■ **Given information**:
--- START ---

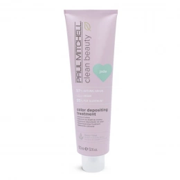 Paul Mitchell Clean Beauty Color Depositing Treatment Jade je tónovací péče, která zvýrazňuje a osvěžuje zelené odstíny vlasů. Obsahuje bio arganový olej a extrakt z aloe vera, které vlasům poskytují intenzivní hydrataci, výživu a ochranu proti vysoušení. Tónovací složky dodávají vlasům živé zelené tóny, zatímco vlasy zůstávají hebké, lesklé a zdravě vypadající. Produkt je ekologicky šetrný, vyrobený z přírodních surovin a balený v recyklovatelném obalu.
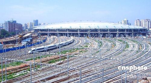 7月6日,北京新南站在藍天的映襯下顯得更加美麗壯觀。當日上午,京津兩地記者以及邀請到的市民代表200多人登上列車,從北京南站出發(fā),平穩(wěn)運行32分鐘后,于9點28分到達天津站,順利完成列車的首次載客試運營。中新社發(fā) 玉龍 攝
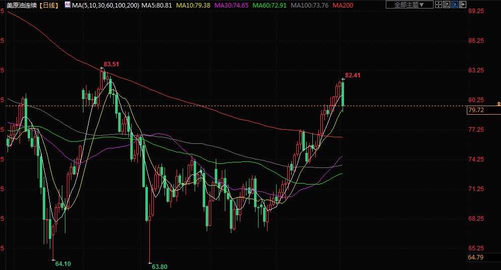 商品收盘情况:美国期金收低0.2%,报每盎司1975美元。美国原油期货收跌2.3%,结算价报每桶79.49美元;

--- END ---

■ **Problem to work on**: Leave the pictures out and output the rest of the listing exactly.

■ **Written answer**:
 Paul Mitchell Clean Beauty Color Depositing Treatment Jade je tónovací péče, která zvýrazňuje a osvěžuje zelené odstíny vlasů. Obsahuje bio arganový olej a extrakt z aloe vera, které vlasům poskytují intenzivní hydrataci, výživu a ochranu proti vysoušení. Tónovací složky dodávají vlasům živé zelené tóny, zatímco vlasy zůstávají hebké, lesklé a zdravě vypadající. Produkt je ekologicky šetrný, vyrobený z přírodních surovin a balený v recyklovatelném obalu.
 7月6日,北京新南站在藍天的映襯下顯得更加美麗壯觀。當日上午,京津兩地記者以及邀請到的市民代表200多人登上列車,從北京南站出發(fā),平穩(wěn)運行32分鐘后,于9點28分到達天津站,順利完成列車的首次載客試運營。中新社發(fā) 玉龍 攝
 商品收盘情况:美国期金收低0.2%,报每盎司1975美元。美国原油期货收跌2.3%,结算价报每桶79.49美元;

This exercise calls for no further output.